Estão previstas intervenções de Aníbal Pinto de Castro, Bento da Cruz, Ernesto Rodrigues, Eurico Figueiredo, João Bigotte Chorão e Maria Alzira Seixo.
Estão também previstas acções complementares, como a apresentação do n.º 49 da Revista Tellus, uma visita ao Fojo do Lobo e a lugares camilianos em Ribeira de Pena, e a apresentação de Camilo e Ana Plácido – Episódios ignorados da célebre paixão romântica, de Manuel Tavares Teles (Edições Caixotim), entre outras surpresas.
Será distribuído diverso material bibliográfico e iconográfico.
Inscrições no Grémio Literário Vila-Realense (e-mail: gremio@cm-vilareal.pt; telefone: 259 303 083).

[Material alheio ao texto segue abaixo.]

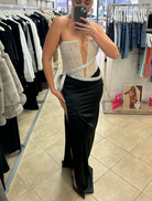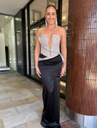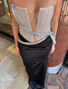Jair dress is a strapless gown featuring a sparkling sequined bodice with a distinctive crisscross pattern that wraps around the waist, creating a cinched effect. The bodice seamlessly transitions into a sleek skirt with a high slit, providing a modern and sophisticated look. The gown's form-fitting silhouette is designed to accentuate the body's contours, flowing into a gentle train at the back.
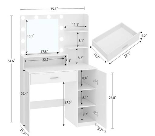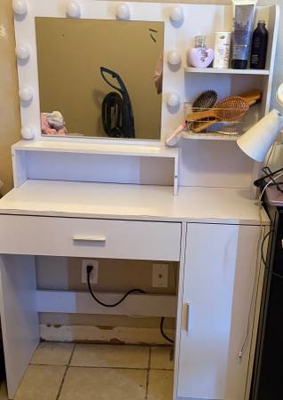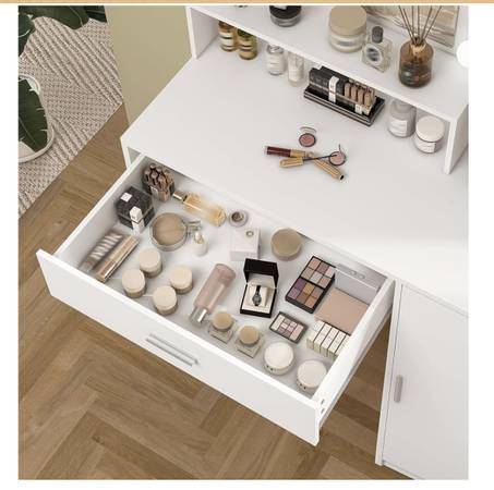 White vanity with a drawer 3shelves and 3compartments.price negotiable
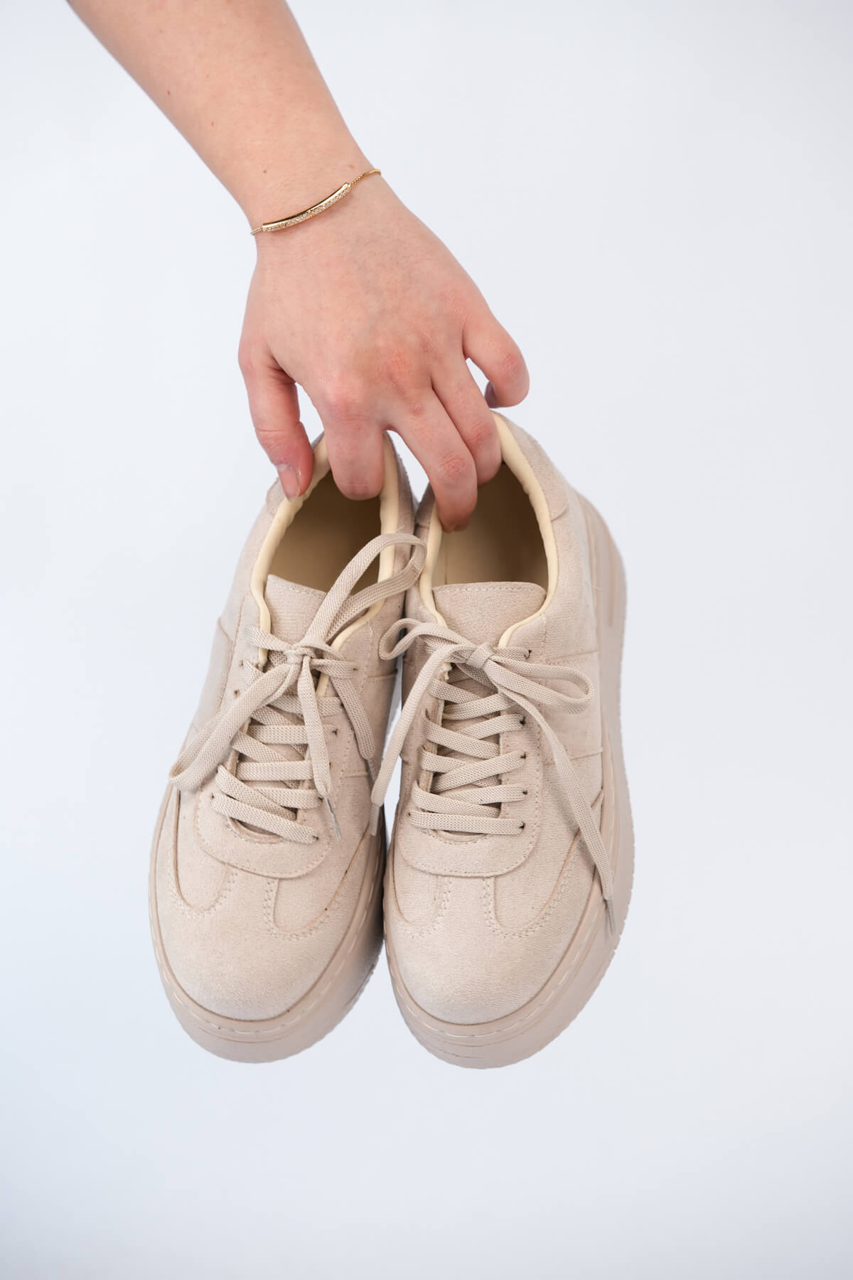 Modern silüeti ve iddialı platform tabanıyla dikkat çeken bu sneaker, konforu boy avantajıyla birleştiriyor. Tamamı süet görünümlü yumuşak dokusu, üzerinde yer alan zarif dikiş detaylarıyla zengin bir derinlik kazanıyor. Hem minimal hem de güçlü bir duruş sergileyen bu model, hafif taban yapısı sayesinde gün boyu süren bir rahatlık ve kusursuz bir silüet vaat ediyor.
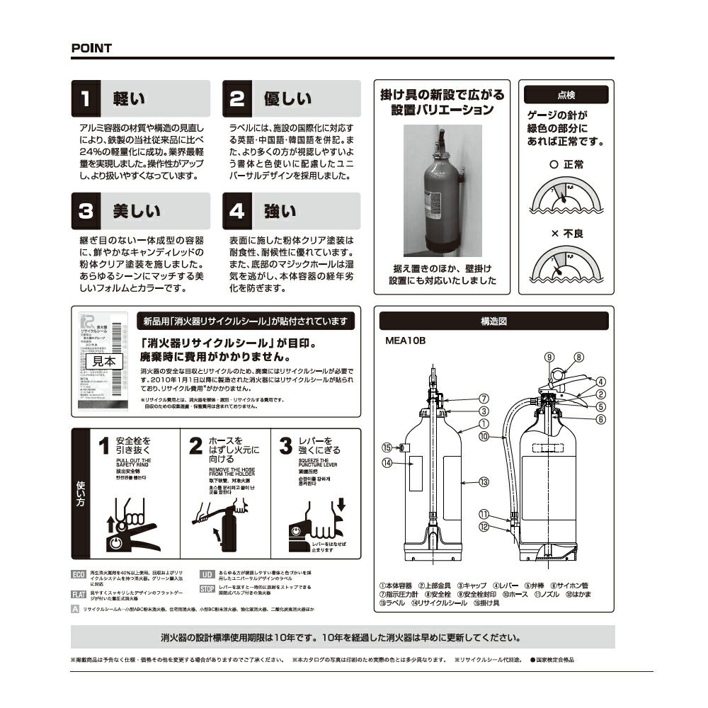 他の画像を見る 幅広い火災に適応する業務用スタンダード。軽く、操作性の高いアルミ製。4ヶ国語表記を採用。 アルテシモMEA10B (火災対策 避難 防炎 消火 火事 消防用品 操法 消防団 防災用品) 公式サイト販売価格 ¥ 19,855 税込 在庫切れ 詳細を見る お気に入りに登録する
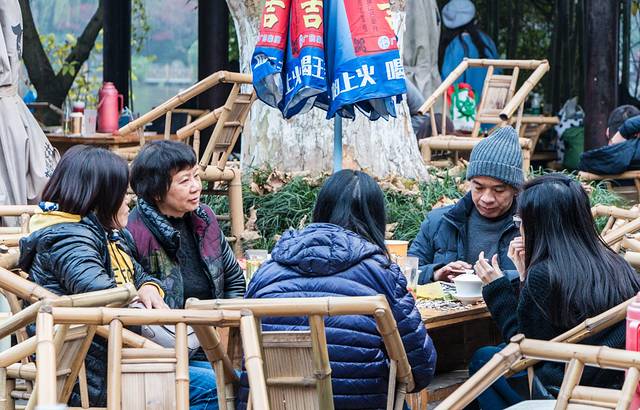 成都人的悠闲,体现在一杯盖碗茶中,无论是周内工作日还是周末假期,随时都是一群成都人坐在人民公园喝茶水,所以外地游客也常常会发出灵魂拷问:“成都人都是不上班的吗?”
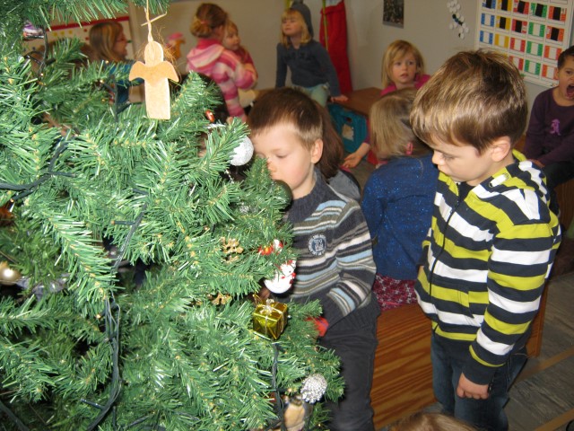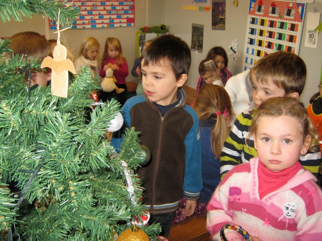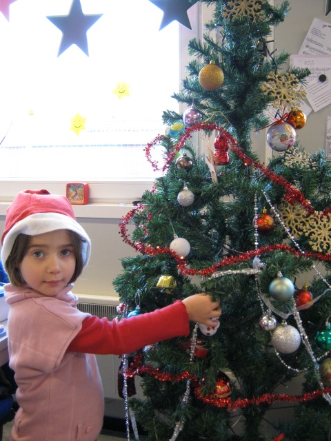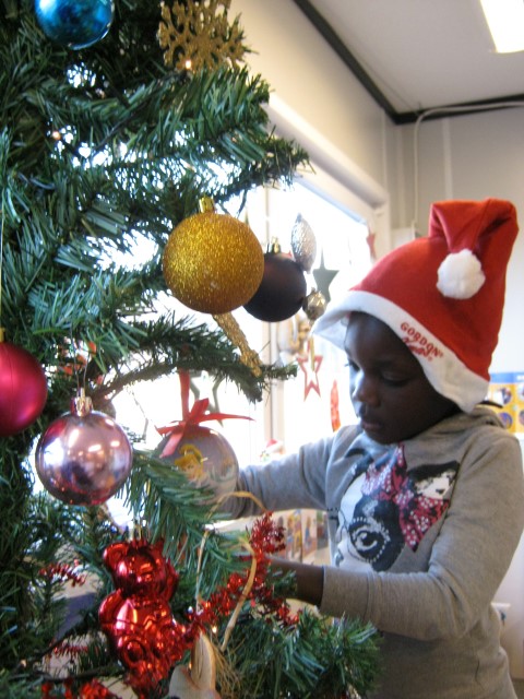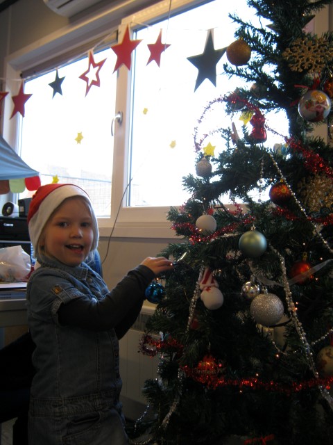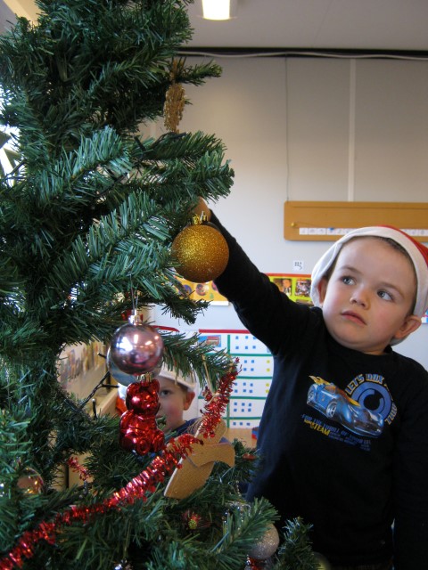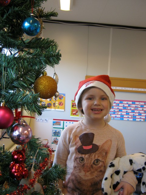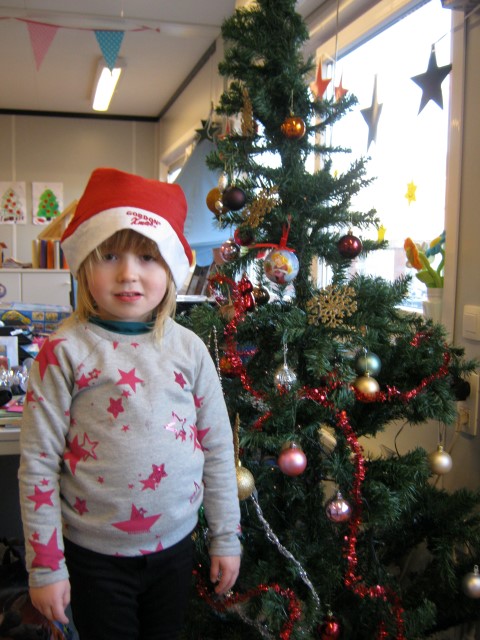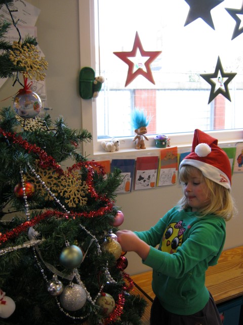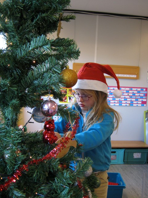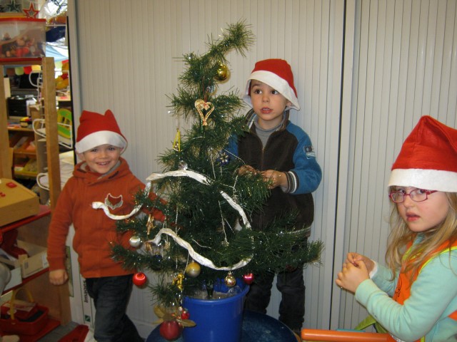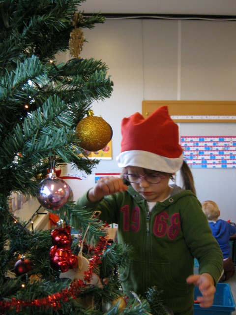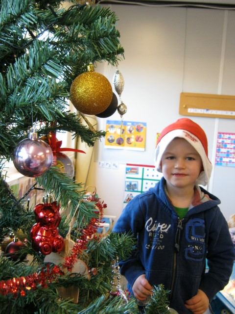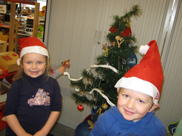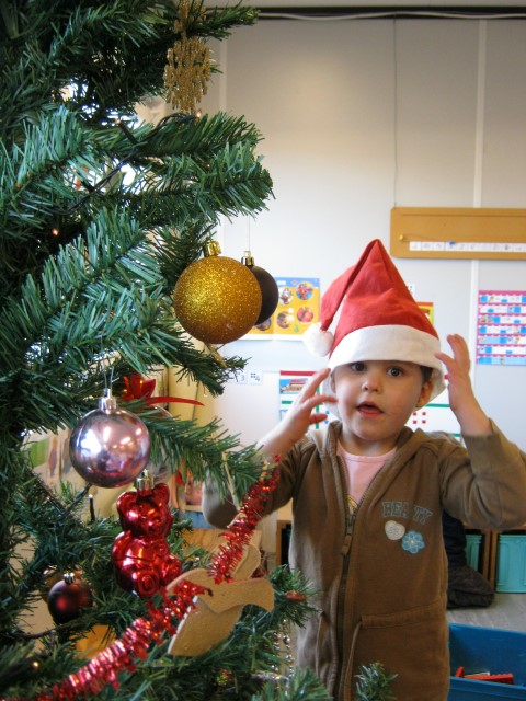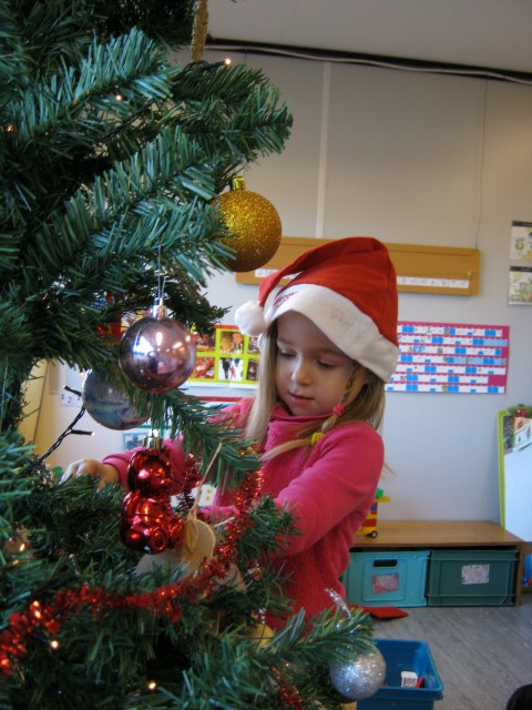 Geen Kerstmis zonder boom, iedereen wil de boom helpen versieren. Een balletje hier , een slinger daar , in een wip is die klaar.Ook in de poppenhoek hangt er kerstsfeer in de lucht.
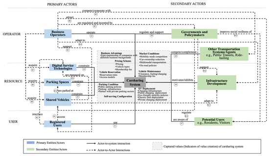 We first identified actors and their interactions based on existing empirical research on the carsharing business [20,30,38,40,41,42,43,44]. Actors were categorized into two types: (1) primary actors, which directly create values in affecting the supply and demand, and (2) secondary actors, which can affect the business innovations and, depending on the level of engagement, can create additional values. Primary actors include registered users, operators, shared vehicles, digital platforms and technologies, and parking spaces. Secondary actors include government and policymakers, potential users (e.g., residents and visitors), other transportation systems or agencies (e.g., public transits, ride hailing), and local infrastructure development.
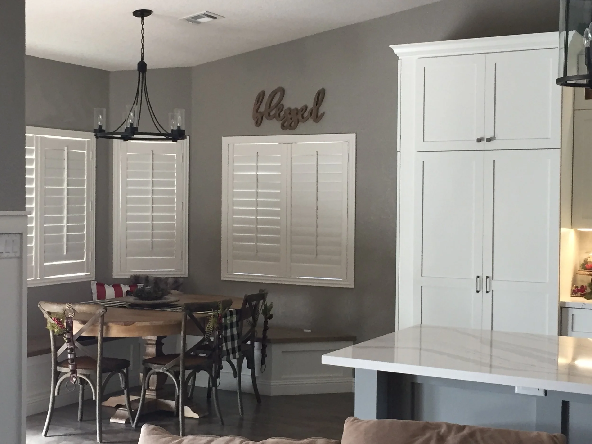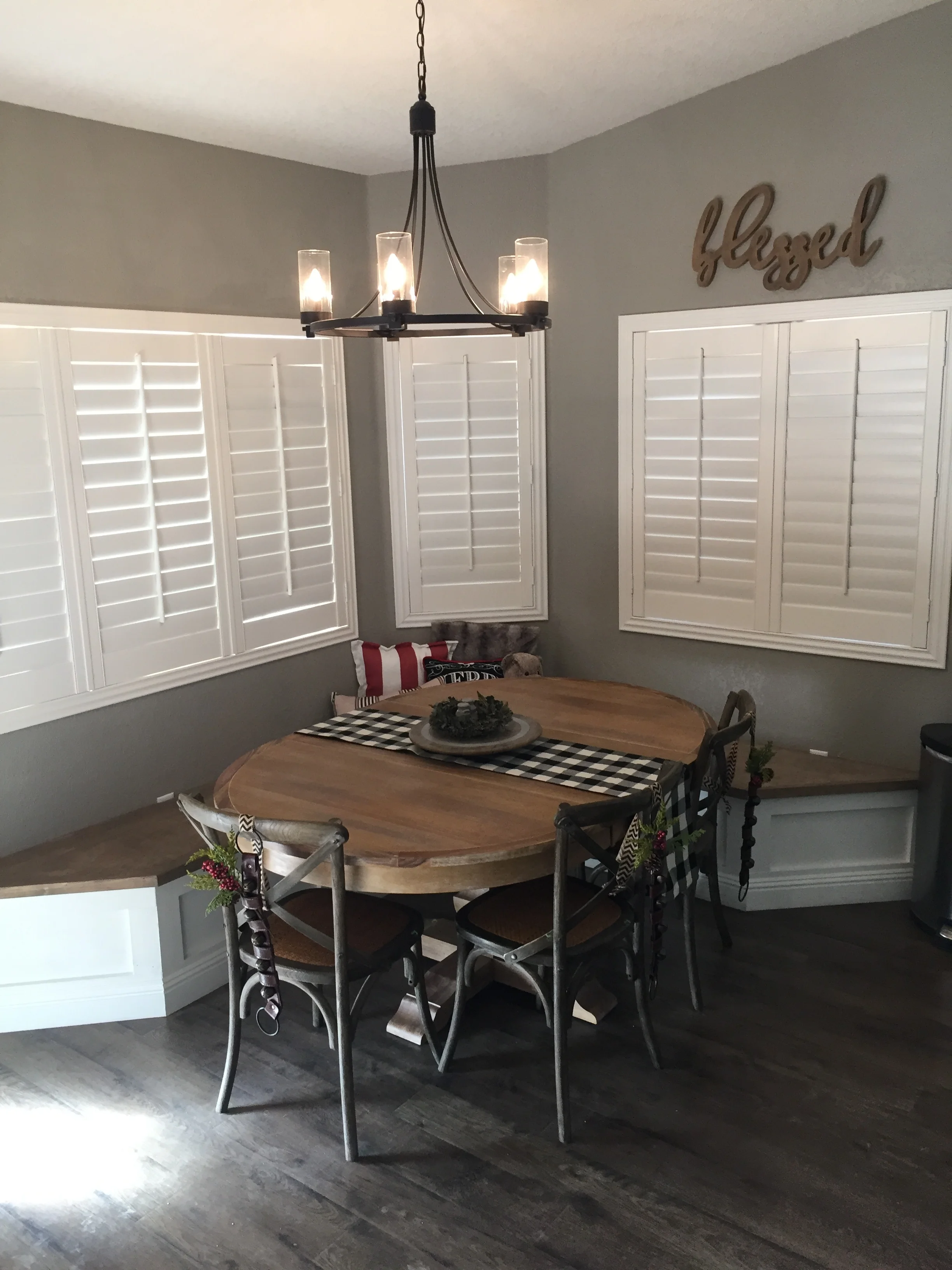 Drapes, bamboo shades, and rustic decor makes this home officially revamped and upgraded. Just look from where we started to where we ended up:

Programa (sujeito a alterações de pormenor)

Dia 10 de Outubro
Sexta-feira
19h00 – Jantar de Abertura (Estalagem Quinta do Paço)
21h30 – Apresentação de Camilo e Ana Plácido – Episódios ignorados da célebre paixão romântica, de Manuel Tavares Teles por João Bigotte Chorão (Edições Caixotim)

Dia 11 de Outubro
Sábado
09h00 – Recepção
09h30 – Sessão de Abertura e apresentação do n.º 49 da Revista Tellus
10h00 – Prof. Doutor Ernesto Rodrigues: A poesia em Camilo
10h45 – Doutor João Bigotte Chorão: Camilo a ocidente e oriente
11h30 – Pausa para café
11h45 – Prof.ª Doutora Maria Alzira Seixo: Memórias do Cárcere – a cadeia das relações
12h30 – Almoço volante no Grémio Literário Vila-Realense
14h30 – Partida para Ribeira de Pena – Visita a locais camilianos seguida de merenda oferecida pela Câmara Municipal de Ribeira de Pena

Dia 12 de Outubro
Domingo
09h00 – Prof. Doutor Aníbal Pinto de Castro: Apresentação do Centro de Estudos Camilianos de Vila Nova de Famalicão
09h45 – Escritor Bento da Cruz: Realidade e fantasia em Camilo Castelo Branco
10h30 – Pausa para café
10h45 – Prof. Doutor Eurico Figueiredo: “Amor de Perdição”: Paradigma do conflito de gerações
11h30 – Partida para o Fojo do Lobo da Samardã
13h00 – Almoço (Restaurante O Forno)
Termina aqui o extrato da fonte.